With the underlying Kronecker product structure, the null should not be rejected for any set of modes. For instance, we perform the test using ‘testKron_A’ below, given the set of mode indices 𝒜 = {1, 2}. In particular, the parameter ‘r’ takes the true number of factors which can be estimated in practice. Since (r1, r2, r3) = (2, 2, 2), the rank for the reshaped data (where the last mode is the reshaped mode) is (rreshape, 1, rV) = (2, 4). Setting ‘r.exact=FALSE’ enables the test to attempt all possible rank combinations of rV, which is (1, 4), (2, 2) and (4, 1). (Otherwise only the test using the parameter ‘r’ is performed.)
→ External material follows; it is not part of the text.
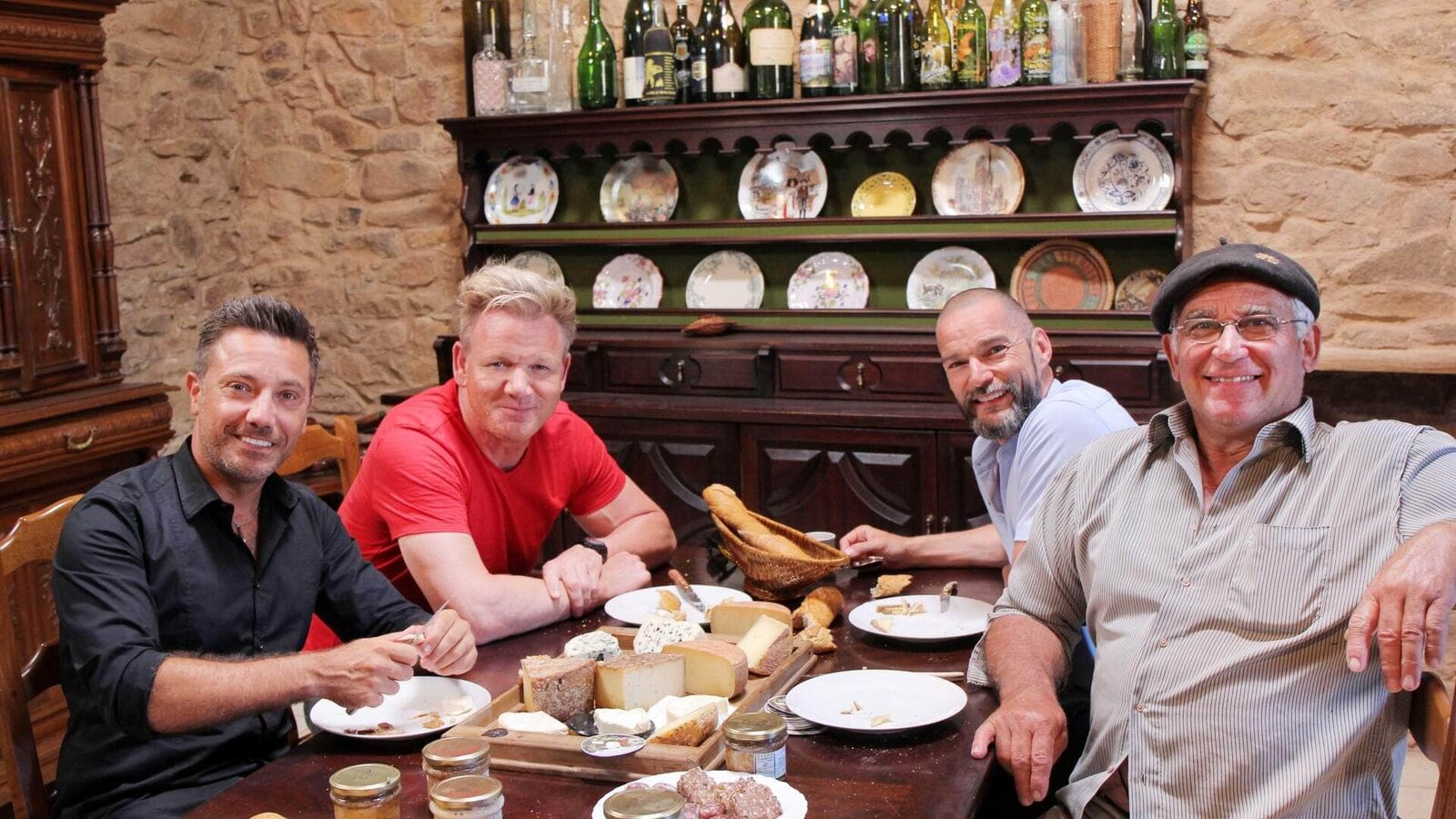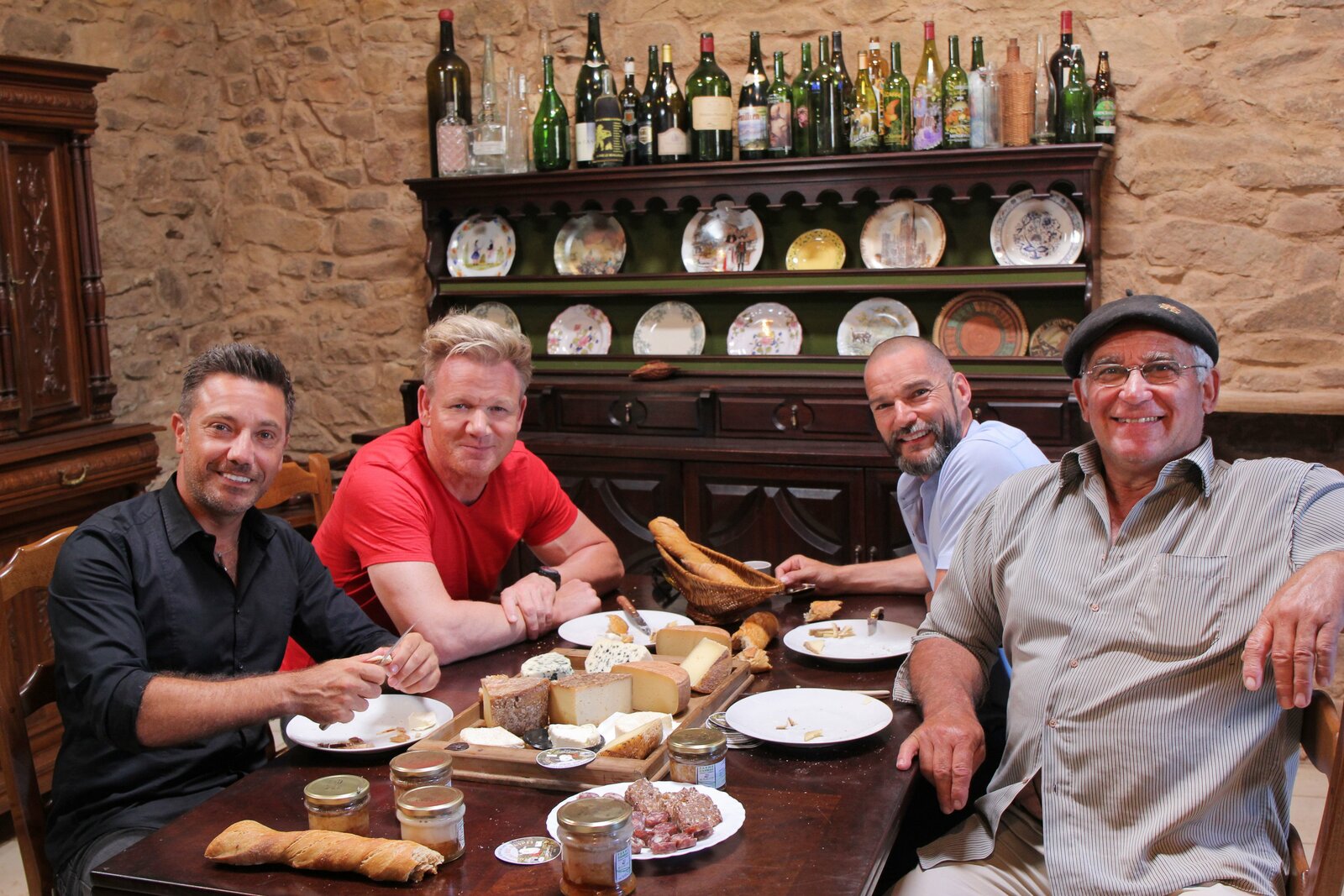 Die Frankreich-ConnectionVon links: Gino D'Acampo, Gordon Ramsay und Fred Sirieix probieren Käse mit Jean Claude, Besitzer einer preisgekrönten handwerklichen Käserei.Bild: © RTL/ © ITV
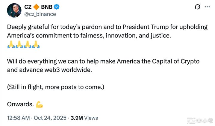 随后,币安创始人 CZ 在社交媒体平台发文表示,对今日获得的赦免以及特朗普总统维护美国对公平、创新和正义的承诺深表感谢。他将尽一切努力帮助美国成为加密货币之都,并推动 Web3 在全球的发展。

cat('Test "data_H0" along modes 1 and 2:\n')
#> Test "data_H0" along modes 1 and 2:
testKron_A(ten=data_H0, AA=c(1,2), r=r, alpha=c(0.01, 0.05), q=0.05, r.exact=FALSE)
#> $level
#>      [,1] [,2]
#> [1,] 0.04 0.12
#> [2,] 0.01 0.06
#> [3,] 0.01 0.08
#> 
#> $decision
#>        [,1]   [,2]
#> [1,] 0.0100 0.0495
#> [2,] 0.0095 0.0400
#> [3,] 0.0100 0.0400
#> 
#> $rank
#>      [,1] [,2] [,3]
#> [1,]    2    1    4
#> [2,]    2    2    2
#> [3,]    2    4    1
The resulted list contains three matrices. The matrix ‘rank’ is the rank combinations attempted, which is ordered by all modes not in 𝒜 followed by those modes in 𝒜. Rows of the ‘level’ and ‘decision’ matrices correspond to the rank combinations in ‘rank’, while columns of the two matrices correspond to the results under different levels of ‘alpha’ in order. For the other two matrices,
‘level’
Each result of ‘level’ reports an example test size; under H0, the minimum of each column should be close to the ‘alpha’ level corresponding to the column.
‘decision’
Each result of ‘decision’ reports the decision statistic (using a ‘q’-quantile rule); under H0, the minimum of each column should be upper bounded by the ‘alpha’ level corresponding to the column.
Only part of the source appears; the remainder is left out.